We spent 2 days in Córdoba (Andalusia), admiring the exotic architecture and wandering around the narrow streets. Here are some ideas on what to see if you’re thinking of doing the same.
La Mesquita de Córdoba (The Mosque-Cathedral of Córdoba)
Wow — this is one of those most beautiful buildings I’ve ever stepped foot in. There was originally a Catholic church on this site, but construction of the building we see today started in 784 AD. The Catholics decided to give it an extreme Christian makeover when they took over the city in 1236. I’m sure the remodel took away some of its beauty, but luckily they left the best bits — the rows and rows of candy-cane arches. You’ll struggle to find a more eye-catching interior anywhere in the world — if you’re anywhere near Córdoba it’s worth making a detour for this place alone. The Catholic part of the Mesquita isn’t quite as interesting, but walk around the perimeter of the massive, arch-filled complex and you’ll see other examples of intricate Muslim design. The outside of the Mesquita is nice as well — its massive stone walls feature lots of detail and there is a little garden full of oranges as you enter through the main gate. A ticket for the Mesquita will set you back €8. We didn’t have to queue at all but we visited in winter — it probably gets really packed during peak season.

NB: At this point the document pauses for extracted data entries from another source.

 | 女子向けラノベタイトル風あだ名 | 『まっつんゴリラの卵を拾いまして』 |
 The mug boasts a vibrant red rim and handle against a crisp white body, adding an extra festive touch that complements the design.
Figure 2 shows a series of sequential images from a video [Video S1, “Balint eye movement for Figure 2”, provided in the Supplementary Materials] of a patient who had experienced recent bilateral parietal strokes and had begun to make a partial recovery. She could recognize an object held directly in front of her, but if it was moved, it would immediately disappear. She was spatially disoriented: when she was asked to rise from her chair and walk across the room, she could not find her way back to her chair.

Alcázar de los Reyes Cristianos
This place is similar to the Alcázar in Seville and the Alhambra in Granada. While it doesn’t have the impressive interiors of those 2 historic wonders, it does have a lavish garden filled with long pools lined with orange trees. It’s the height of opulence — you can just imagine the ancient royals frolicking in their Eden-like water wonderland. The other highlight of the Alcázar is the view from the top of the main tower. In one direction are the old buildings of Córdoba as well as the Roman Bridge crossing the Guadalquivir River. In the other direction you get a bird’s eye view of the gardens. The Water Palace costs €4.50 and you can spend a good few hours relaxing in the peaceful gardens.
The Roman Bridge
Dating back over 2000 years, the Roman Bridge in Córdoba is still in remarkably good shape (but surely, like most people in Hollywood over the age of 40, it has had some work done). We walked across the bridge a few times, looking out over the Guadalquivir River and back towards the cluster of buildings in the old part of town. The Roman Bridge is a great place to go at night — it’s all lit up and is a hive of activity.

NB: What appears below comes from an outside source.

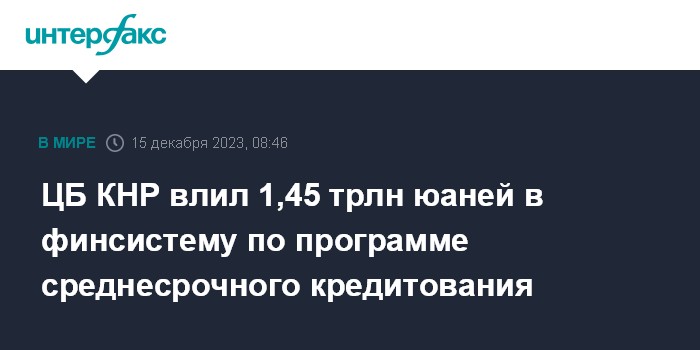 Москва. 15 декабря. INTERFAX.RU - Народный банк Китая (НБК, центробанк страны) в пятницу влил в финансовую систему 1,45 трлн юаней ($204 млрд) в рамках программы среднесрочного кредитования (MLF).

Juderia (The Jewish Quarter)
We stayed in a hotel right in the middle of the colourful Jewish Quarter. When we weren’t checking out Córdoba’s sights we were wandering the cobble-stone streets of this old neighbourhood. This area is a good place to shop and eat, but if you’re looking for something a bit more local you’re better off heading to the downtown district between the Jewish Quarter and the train station.
What we missed
We had planned to visit Madinat Al-Zahra, the ruins of the former administrative centre of Al-Andalus (Muslim Spain). There was some confusion over bus times and we eventually learned there was no afternoon bus that day (according to the woman at the tourist information office) — it was really frustrating. I guess it just means we’ll have to return to Córdoba next time we are in Europe. If you’ve been there, let me know what it’s like in the comments below.

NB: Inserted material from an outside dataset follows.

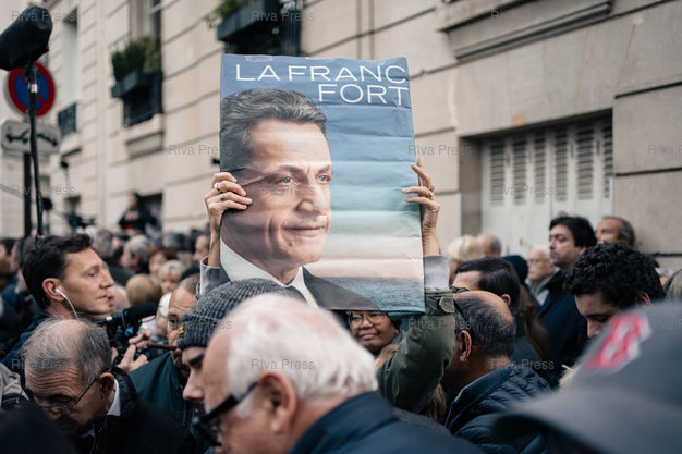 Légende : Des sympathisants de Nicolas Sarkozy peu avant que l'ancien President de la Republique sorte de son domicile du 16e arrondissement de Paris pour aller rejoindre la prison de la Sante dans le 14e arrondissement, ou il est incarcere le mardi 21 octobre, presque un mois après sa condamnation pour association de malfaiteurs dans l'affaire des soupçons de financement libyen de sa campagne présidentielle en 2007.

2 Days in Cordoba: The Details
I don’t like to give hour by hour itineraries to people — who actually follows those anyway? If you’re spending 2 days in Córdoba I’d recommend spending a morning at the Mesquita followed by a casual walk around the city in the afternoon (don’t miss the Roman Bridge!). On the second day check out the Alcázar and Madinat Al-Zahra. There are also lots of other things to see, so go out and explore and, if you can, try and spend an extra day or 2 — it’s one of those cities that are enjoyable even if you’ve already seen the sights.
Have you been to Córdoba? What is your favourite city in Andalusia? Let me know in the comments below!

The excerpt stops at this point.